In February 2016, the Financial Accounting Standards Board ("FASB") issued ASU 2016-02, Leases (Topic 842), which requires an entity to recognize both assets and liabilities arising from financing and operating leases, along with additional qualitative and quantitative disclosures. We plan to adopt the standard as of September 1, 2019, the beginning of Fiscal 2020. We will elect the package of practical expedients permitted under the transition guidance within the new standard, which among other things, allows us to carryforward the historical lease classification. In addition, we are electing the hindsight practical expedient to determine the reasonably certain lease term for existing leases. We will make an accounting policy election to keep leases with an initial term of 12 months or less off of the balance sheet. We will recognize these lease payments in the Consolidated Statement of Income on a straight-line basis over the lease term.

We estimate adoption of the standard will result in recognition of additional net lease assets and lease liabilities of approximately $34.0 million as of September 1, 2019. We do not believe the standard will materially impact our consolidated net earnings or our cash flows. As part of our adoption, we have also modified our control procedures and processes.

In August 2017, the FASB issued ASU 2017-12, Derivatives and Hedging (Topic 815), which improves the financial reporting of hedging relationships to better portray the economic results of an entity's risk management activities in its financial statements. ASU 2017-12 is effective for annual reporting periods beginning after December 15, 2018 (our Fiscal 2020), including interim periods within those annual reporting periods. Early adoption is permitted. We expect to adopt the new guidance in the first quarter of Fiscal 2020, and we do not expect a material impact to our consolidated financial statements.

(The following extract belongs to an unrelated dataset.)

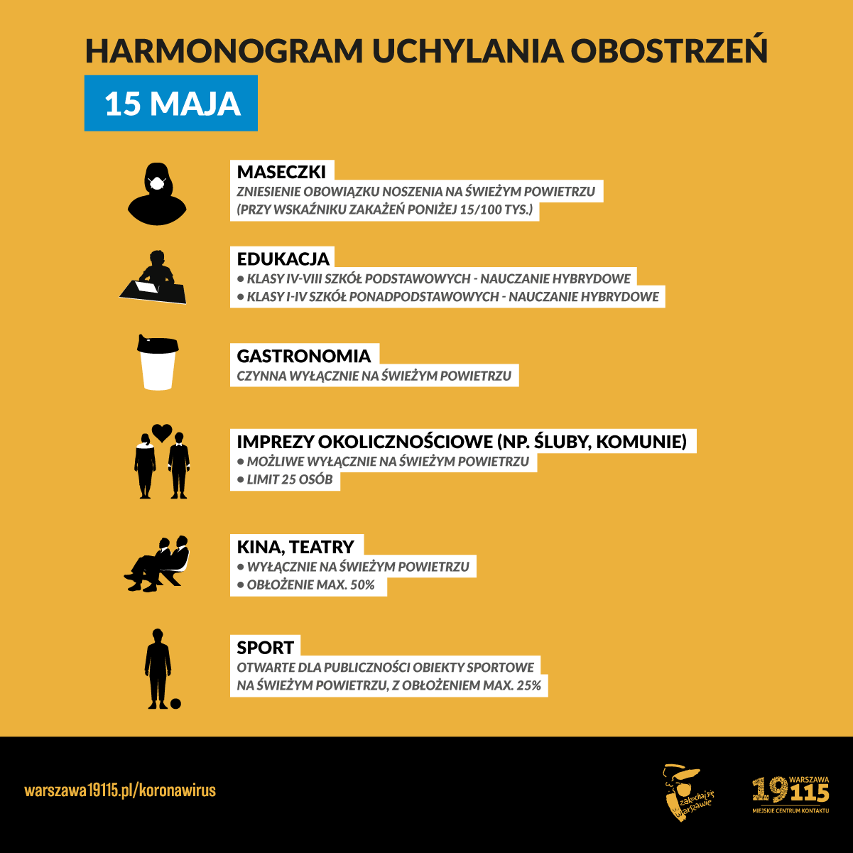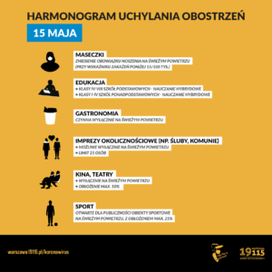 • nabożeństwa z limitem osób: limit 1 osoby na 15 m2 w świątyniach, rekomendacja odprawiania ceremonii na świeżym powietrzu

In June 2016, the FASB issued ASU 2016-13, Financial Instruments - Credit Losses (Topic 326): Measurement of Credit Losses on Financial Instruments, and has since issued additional amendments. ASU 2016-13 will replace today’s “incurred loss” approach with an “expected loss” model for instruments measured at amortized cost. The standard is effective for annual reporting periods beginning after December 15, 2019 (our Fiscal 2021), including interim periods within those annual reporting periods. We expect to adopt the new guidance in the first quarter of Fiscal 2021, and we do not expect a material impact to our consolidated financial statements.